The next week Billy reported to some ACC college in North Carolina, and I began classes at the state university shortly thereafter. We wrote a couple of letters in the fall, and then I saw him over Thanksgiving. The night we went out he was with one of his new fraternity brothers, a guy Billy called Digger Dog, and we went to a local pub where they talked about “brew” and “sport-fucking” and “DG girls” while I faded into my booth seat and got quietly drunk. High school friendships either die or continue in that crucial first semester, and ours simply didn’t make it.
But none of that really matters. There is a photograph of Billy and me, taken by a tourist, that to this day is in an envelope at the bottom of my dresser. In the photograph we are sitting high up on a fire escape near Bourbon Street. Billy’s hand is on my shoulder, and our hair is long and uncombed and past our shoulders, and we are both smoking cigarettes. There is that look on both of our faces, that look that almost shouts that it has al
l been grand and that it is never, ever going to end.
In everything that I have done since, and everything that I will ever do, there is nothing that will equal the wondrous, immortal summer that I experienced in 1976. Now Billy Goodrich had walked into my bar, fifteen years later, and brought it all back home.
THREE
HOW YOU DOIN’, man?”
“Good,” he said, nodding slowly as he smiled. “I’m doing good.”

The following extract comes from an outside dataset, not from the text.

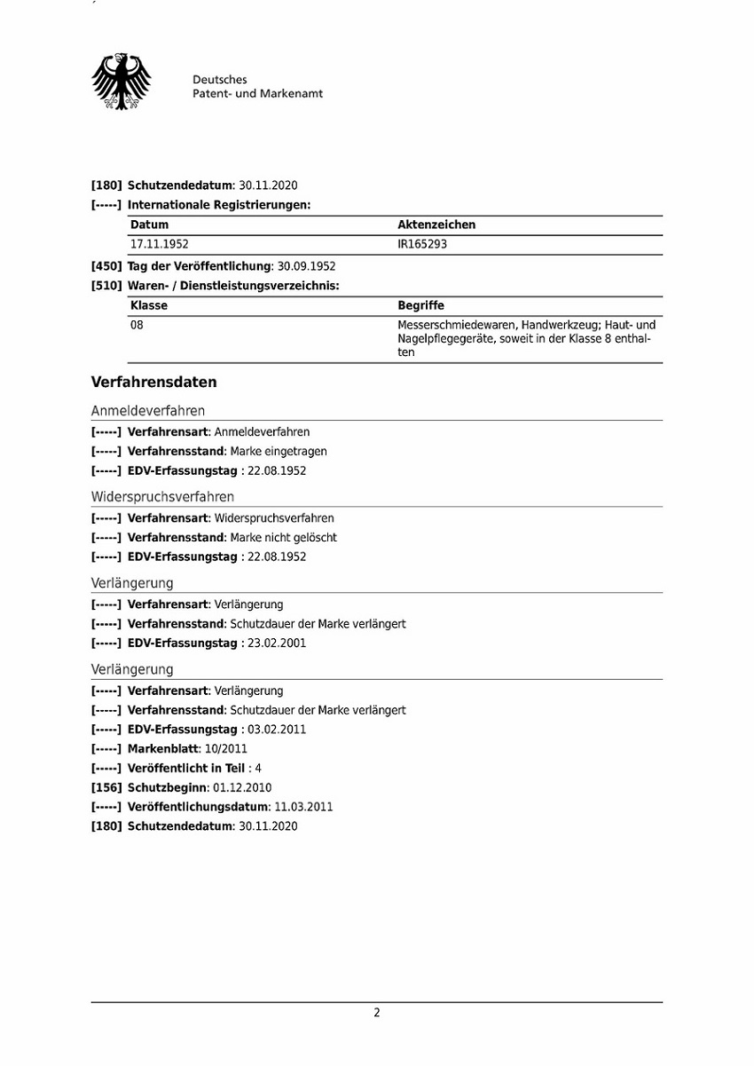 Двести пятьдесят лет Золинген столовых приборов: Gottlieb Hammesfahr, Золинген-Foche; 1684-1934; [Festschrift] / автор Франц Hendrichs (Zweihundertfünfzig Jahre Solinger Messerschmiede : Gottlieb Hammesfahr, Solingen-Foche ; 1684-1934 ; [Festschrift] / Franz Hendrichs) https://portal.dnb.de/opac.htm?method=s ... D580908011" onclick="window.open(this.href);return false; кто будет мимо проходить - отсканируйте, пожалуйста))), там все ответы.... по ходу это другой Hammesfahr. Торговый знак зарегистрирован в 17/11/1952 года. в 2011 года действие патента продлено до 2020 года. Так, что живы, курилки)) класс патента: столовые приборы, ручные инструменты, оборудование по уходу за кожей и ногтями. кол. человек: 8-19 под катом ссылка и копия с сайта регистрации торговых марок Германии Spoiler Show

I stood there looking at him from behind the bar. He hadn’t changed much. The blond hair was there, but it started farther back, and it was short and swept back. His face was still smooth and unlined, though there was a cool hardness now around his mouth and the edges of his azure eyes. He glanced at my shot glass, then up at me.
“Call it,” I said.
“Anything in a green bottle. If you’re buying.”
I grabbed him a Heineken from the cooler and a Bud to go with my bourbon. Billy removed his jacket—he was wearing suspenders, a very bad sign—and folded it up on the stool to his left. Then he had a pull off the import.
“Well,” I said, “you gonna tell me?”
“Tell you what?”
“How the hell you found me.”
He furrowed his brow theatrically. “Who said I was looking for you? I was in the neighborhood…”
“Bullshit,” I said, going over his clothing. “Guys like you are never in this neighborhood.”
“You’re right about that.”
“Well?”
“I tripped over your name in the phone book, to tell you the truth.” Billy paused. “I was in the market for a private investigator.”